Anyways, I just thought I'd throw this out there to the homebrewing community just as a resource.


----------



## droid (15/6/16)

Thanks for the easy referencing post - good stuff, I know in Victoria for 2017 that there are more people wanting to do it than places available. I gave up being in the ballot because my desire was to learn about the styles as opposed to judging and it wouldn't be fair to get in front of someone else who wants to do it for the judging.

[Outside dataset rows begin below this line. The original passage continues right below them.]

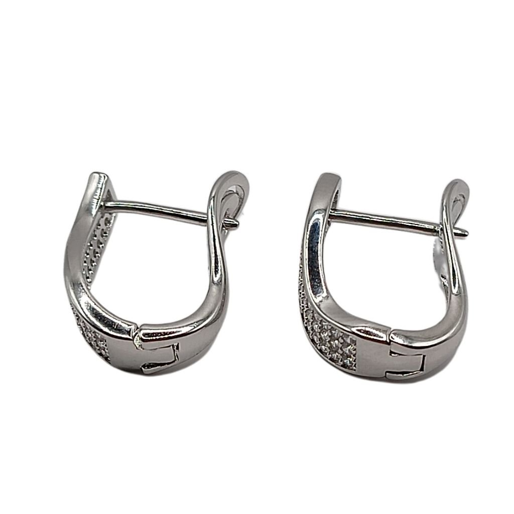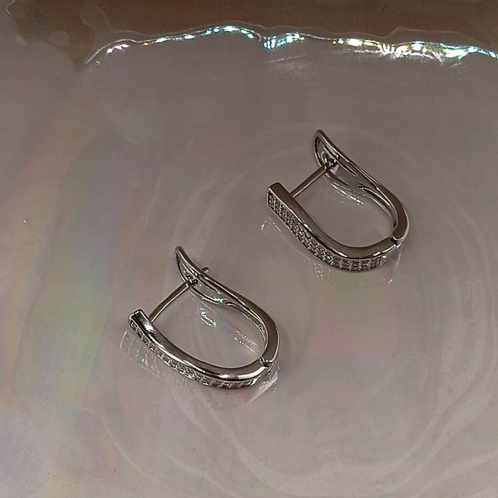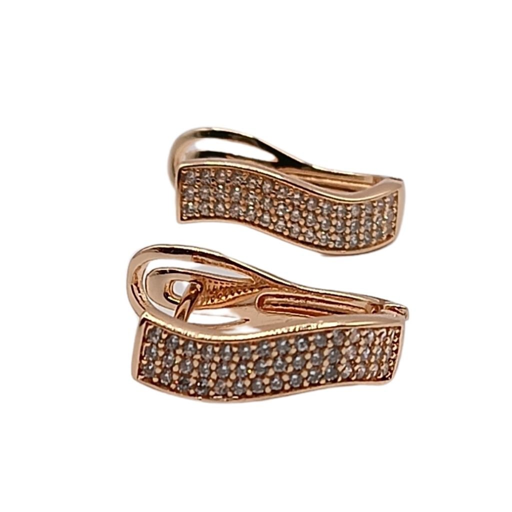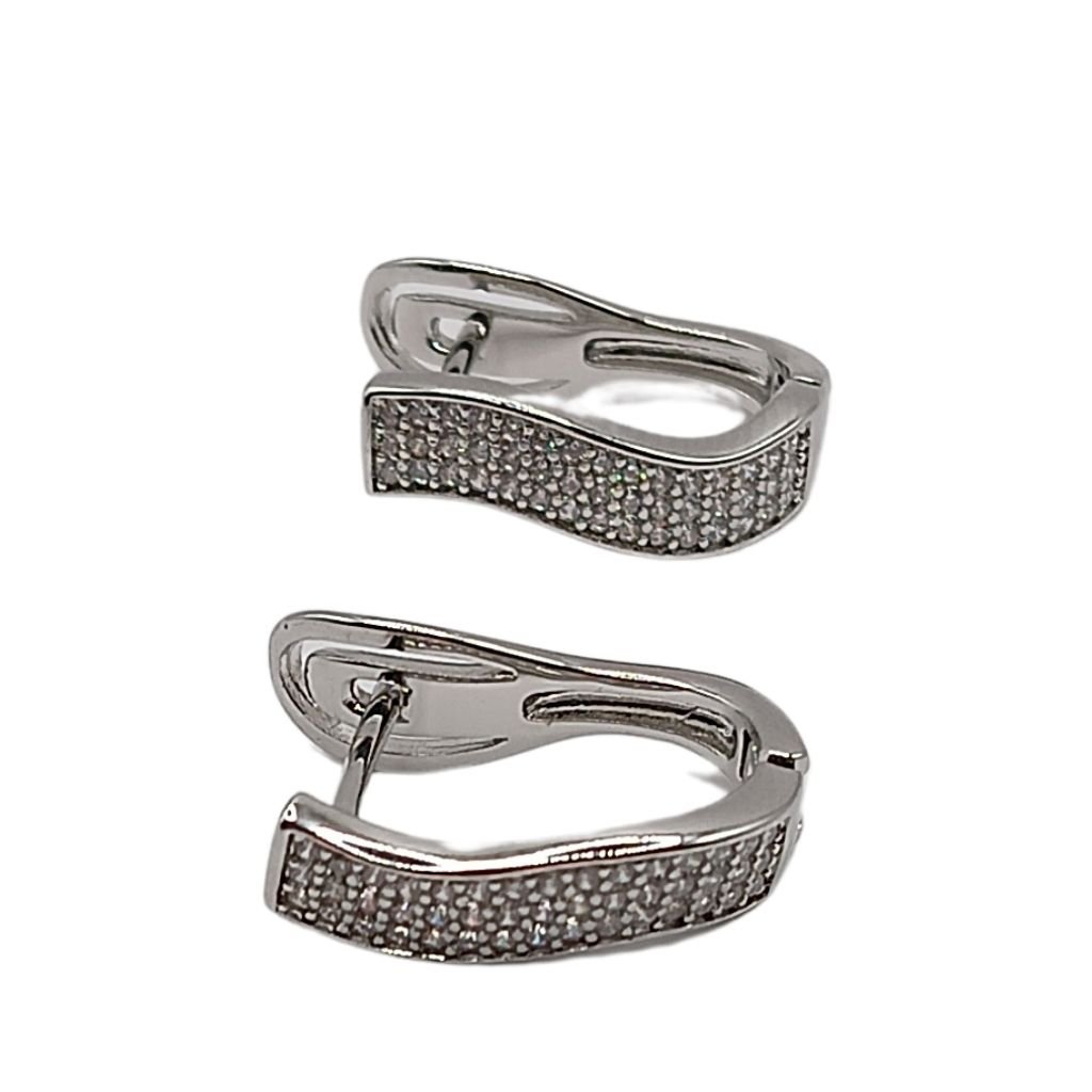 Σκουλαρίκια από ανοξείδωτο ατσάλι  με κυματιστό design και επένδυση από λαμπερά ζιργκόν. Ιδανικά για εμφανίσεις με μοντέρνα κομψότητα, χωρίς να βαραίνουν το αυτί.
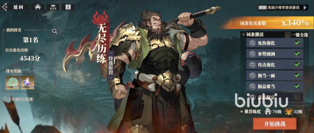然后是无尽试炼,在其中“张飞”将化身成终极boss,而挑战总共会分为三个阶段,8.15到8月19是初临阶段,8.19到8.24是再遇阶段,8.24到8.29是终战阶段,这三个阶段逐步开放,大家在挑战前可选择不同数量的词条来获得伤害系数加成,挑战达到制定分数,大家可在任务出领取到“金翎箭”,用于兑换黄忠、七杀符等。
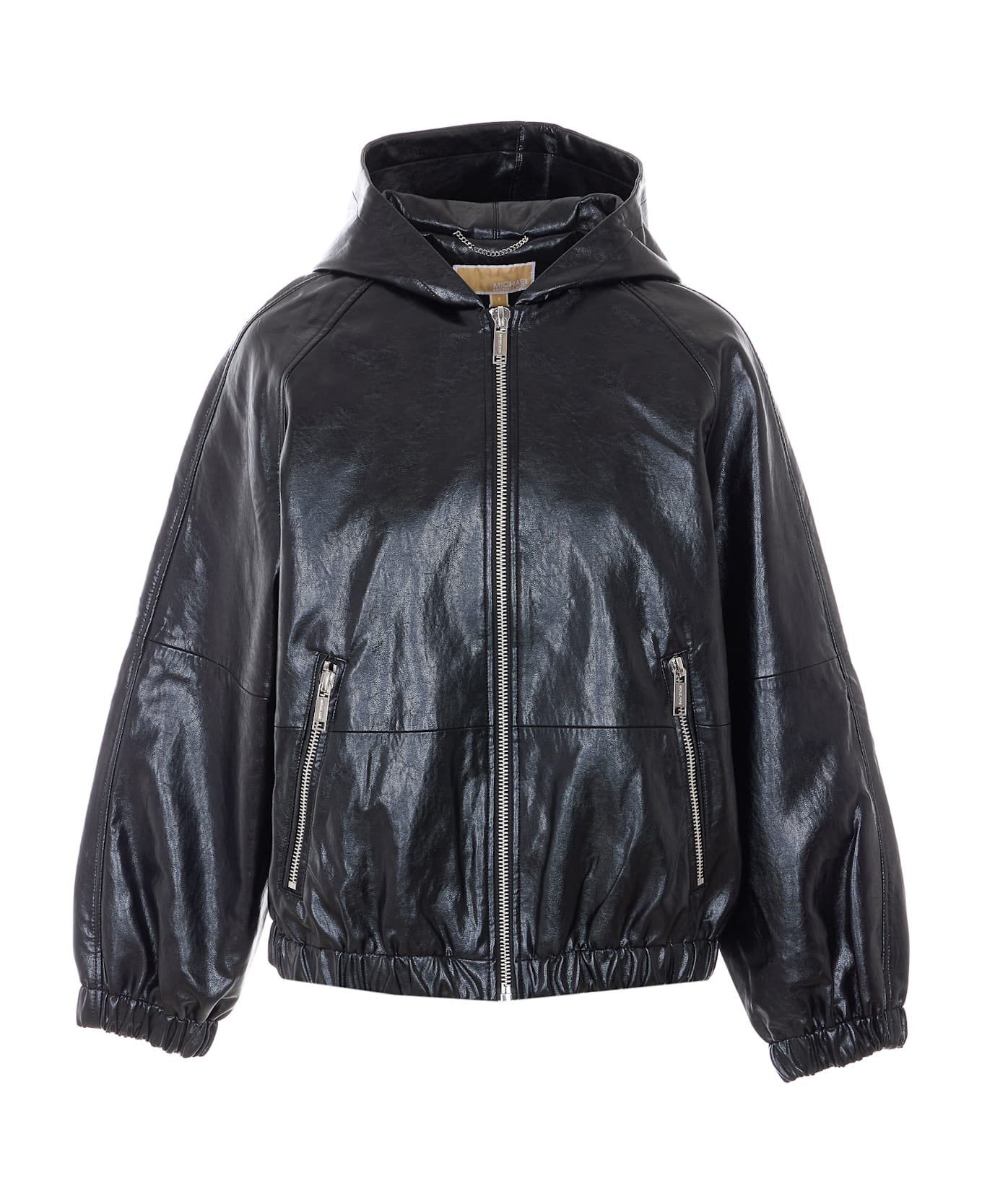Michael michael Kors black jacket with zip closure, long sleeves, elasticized on waist, hood detail, leather effect Composition: 74% Viscose, 14% Polyester, 8% Cotton, 4% Metal
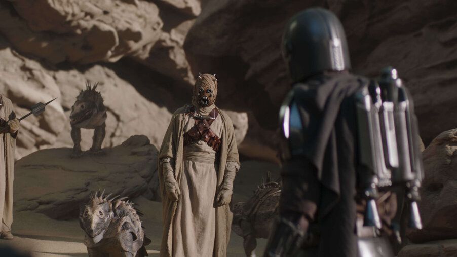 The Tuskens are shown in a light that we've never seen before: they explain that it's the humans stealing their water and killing their people, and these are issues that track closely with real-world grievances that Indigenous tribes have leveled against white colonists for generations. Later, we see them putting their long knowledge and relationship with the landscape to work: they put out a Bantha to placate the Krayt dragon, as Din explains that they've studied and observed the creature's lifecycle for generations.
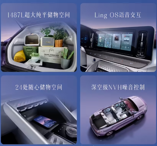 新車(chē)內飾提供“朝霞云白”“天幕黑金”兩種配色,車(chē)內 8 處高頻接觸區域號稱(chēng)運用了 100% 的皮質(zhì)進(jìn)行軟包覆。該車(chē)配備有 10.25 英寸中控屏和 7 英寸液晶儀表,搭載 Ling OS 靈犀系統,支持語(yǔ)音交互、OTA 升級等功能。
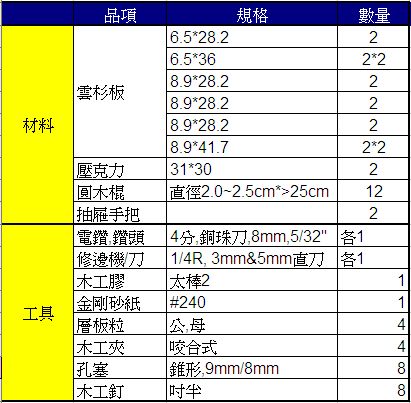用到的材料工具列如下:
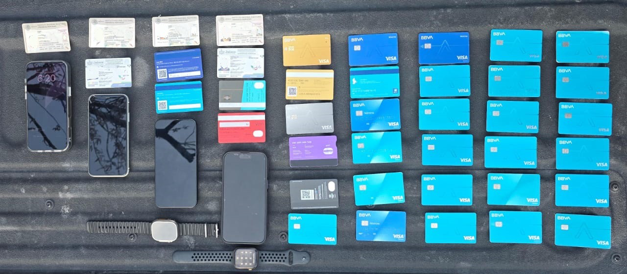 Al portar más de 30 tarjetas bancarias, cuatro jóvenes fueron detenidos por oficiales de la Policía de Monterrey, a bordo de un vehículo que participó el viernes en un hecho delictivo en Saltillo, Coahuila.
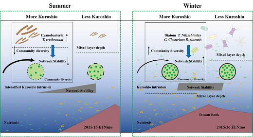 El Nino夏季黑潮入侵加強(qiáng)引發(fā)了更高的固氮藍(lán)藻-束毛藻Trichodesmium erythraum的豐度,顯著降低了浮游植物網(wǎng)絡(luò)穩(wěn)定性,揭示了2015/16El Nino事件期間黑潮入侵加強(qiáng),通過平流輸送攜帶束毛藻,以及影響溫度、混合層深度以及營養(yǎng)鹽濃度,進(jìn)而影響南海東北部浮游植物群落結(jié)構(gòu)的機(jī)制(圖2),研究成果為氣候變化對海洋生態(tài)系統(tǒng)的影響提供了科學(xué)證據(jù)。

We possibly need more facilitators, as I'd prefer to still do it and be available to judge here and there. The other issue for some, like me, is living 300km ~ 200mi from the sites that host the schooling...

cheers for the post
Jonny


----------



## barls (15/6/16)

i actually helped run the tasting exam in nsw. its not as easy as just walking up and doing it.
most actually run a study group previously and then do the exam.
your best bet if you want to do it is to contact the person running the exam and they will let you know when the group starts.
i know that in nsw its an upfront cost including the test as they were having 12-15 people do the course but only 4-5 doing the test.


----------



## manticle (15/6/16)

A number of years ago, I helped run one in Melbourne. From memory, we met once a week for about thirteen weeks, hitting a category or more each week for tasting and discussion. Technical topics were covered by a different guest presenter each week and reading material listed and recommended. Two fault sessions were included.

Finding fresh, well cared for examples of every style is very difficult but you can cover a lot and learn a lot.

The online exam isn't so bad and you can take it multiple times if necessary (as well as do some practice ones). Tasting is obviously a lot harder and if you hit 80 plus on tasting, you can sit a further written exam to get higher qualifying levels.

I highly recommend doing it and I also highly recommend anyone considering it helps out with judging at least one competition. Lack of willing judges (let alone experienced judges) is a common thing faced in the comp scene (even bigger comps).


----------



## Bribie G (15/6/16)

I'd love to become a registered BJCP judge, but I have the same problem as many brewers in regional areas - Australia being a big country about the size of the Continental USA but with the population slightly less than that of Texas.

So I'm two and a half hours drive from Brisbane and attending a weekly session is out of the question. I wonder if there would be any way that we could do an intensive weekend somehow, if any members of the Brisbane Amateur Beer Brewers could give up a couple of days of their time for a good cause? And of course if there was interest from regional home brewers.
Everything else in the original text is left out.